Intellectual Property is a specific bug bear and there are significant problems associated with using other people’s content, whether that is images, content or video. The speed at which content and media can get out there is often astounding and using certain content without prior permission will often land you in trouble.
The simple way to avoid this is to seek permission from the person whose image, likeness, content or video you may be using. Most of the time they’ll be happy to oblige and it only takes a quick email.
When you are describing your product or your service always make sure it does what it says on the tin, but never add false descriptions to the tin.
Opinions are fine, but be aware of false advertising, unfair competition laws (paying for reviews, giving the review products or currying favour in some way). Ethically, it’s best to mention that you were given the item, or just not do it at all if you want to be respected when reviewing.
Producing content that untruthfully defames you competitors’ products or their services is a sure fire way to land yourself in trouble and it’s simply wrong. Make sure that all advantages or disadvantages you state about competitor’s products are truthful and accurate. If you do make claims, keep information and proof to back it up, or otherwise you could be at the very end of a court visit.
Social Media Sites
Twitter and Facebook provide a number of rules regarding posting, competitions and advertising and breaching them can mean your account is removed. For a company with thousands of fans or follows, this could be disastrous.

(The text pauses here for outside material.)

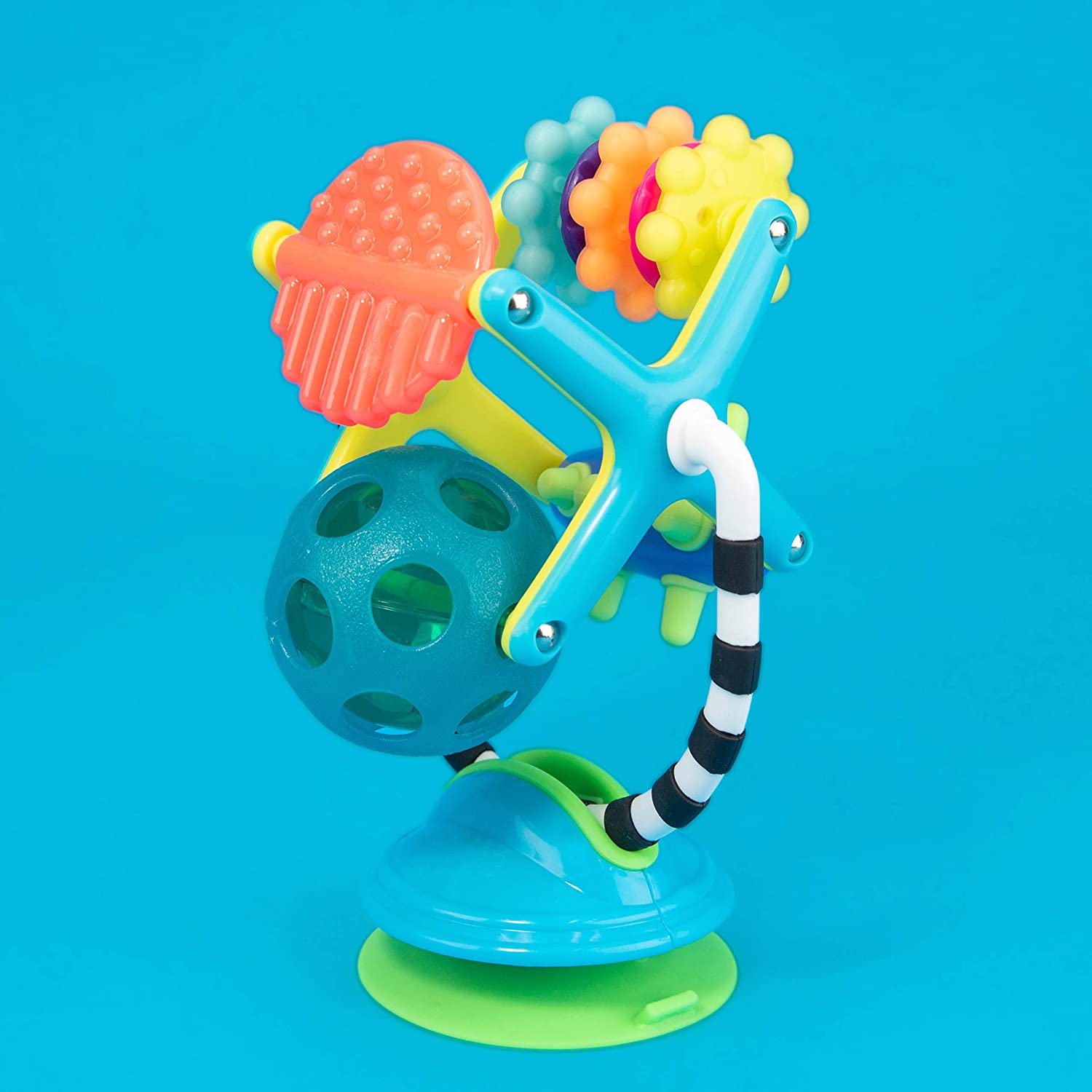 Use the suction cup base to attach the station to a flat surface and watch baby explore the many features of this station. The spinning wheel encourages baby to reach, tug and bat, strengthening hand-eye coordination. Each feature on the wheel spins individually when baby bats at it, introducing baby to cause & effect. The beads trapped within the clear structures allow baby to connect the sound to sight. The toy's handle is multi-textured, perfect for mouthing. This 2-in-1 toy can be suctioned to a table or high chair tray, or removed from the base for floor play.

Do also note that the terms and conditions regularly change and so you can even be caught out if you don’t keep up. Don’t lose the privilege of social media by flagrant breaching of the rules – or worse – carelessness.

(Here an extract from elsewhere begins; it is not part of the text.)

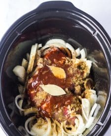 - You can sear the meat before adding to the slow cooker but it is not necessary.

Be aware of who owns the social media account. Recently in the US there have been numerous court battles between employees and companies over who owns an account and the right to posting and followers. Many users set up accounts in their name and then use the company brand and this can pose potential issues.
There has been no exact decision on who would own account ownership in such as case, but it might be best to protect your social media accounts in your social media terms and conditions, or employment handbook/rules. You should always ensure that to protect from disparagement from former employees here, as this can be something of a disaster if it happens.
Use all of the above to promote your business, but be aware of where the line lies – it can make all the difference in the long term.